There were 871 families residing in the city.

There were 1,830 housing units, of which 11.2% were vacant. The homeowner vacancy rate was 3.4% and the rental vacancy rate was 8.3%.

Racial composition as of the 2020 census
| Race | Number | Percent |
|---|---|---|
| White | 2,370 | 52.6% |
| Black or African American | 304 | 6.8% |
| American Indian and Alaska Native | 36 | 0.8% |
| Asian | 207 | 4.6% |
| Native Hawaiian and Other Pacific Islander | 2 | 0.0% |
| Some other race | 771 | 17.1% |
| Two or more races | 813 | 18.1% |

===2010 census===
As of the census of 2010, there were 4,160 people, 1,495 households, and 1,495 families residing in the city. The population density was 1,071.3 PD/sqmi. There were 1,728 housing units at an average density of 469.7 /sqmi. The racial makeup of the city was 67.7% White, 5.7% African American, 0.9% Native American, 4.2% Asian (3.0% Laotian), 0.6% Pacific Islander, 16.5% from other races, and 4.4% from two or more races. Hispanic or Latino of any race were 34.8% of the population (26.7% Mexican).

There were 1,016 households, out of which 24.4% had children under the age of 18 living with them, 47.4% were married couples living together, 12.6% had a female householder with no husband present, and 35.6% were non-families. 32.1% of all households were made up of individuals, and 17.5% had someone living alone who was 65 years of age or older. The average household size was 2.47 and the average family size was 3.09.
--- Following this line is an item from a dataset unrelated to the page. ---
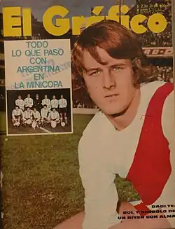 He would make his first senior appearance during the 1971 Argentine Primera División as a part of a project by club manager Didi to promote several youth players to the senior squad alongside his teammates Héctor Isaac Rodríguez, Pablo Zuccarini, Alfredo Granatto, Mario Finarolli and Norberto Alonso.[3] During a friendly against Fluminense on 3 February 1972, a brawl would break out between the two clubs following prior bad relations between the two clubs with the tipping point being when several River Plate players would begin to beat up Oliveira after he had tripped by the River Plate substitute bench. Daulte would be suspended alongside his teammates Jorge Gabriel Vázquez, Raúl Giustozzi, César-Auguste Laraignée, Joaquín Pedro Martínez and Alfredo Granato as well as Fluminense players Jorge Vitório, Cafuringa and Mickey. All of these suspensions would later be lifted with the exception of Daulte, as he would be forced to miss out on a few matches due to his participation.[4]

In the city, the population was spread out, with 23.4% under the age of 18, 11.0% from 18 to 24, 26.4% from 25 to 44, 21.7% from 45 to 64, and 17.5% who were 65 years of age or older. The median age was 37 years. For every 100 females, there were 93.8 males. For every 100 females age 18 and over, there were 89.2 males.

The median income for a household in the city was $31,111, and the median income for a family was $42,041. Males had a median income of $25,505 versus $20,404 for females. The per capita income for the city was $21,701. About 8.8% of families and 13.3% of the population were below the poverty line, including 15.1% of those under age 18 and 20.2% of those age 65 or over.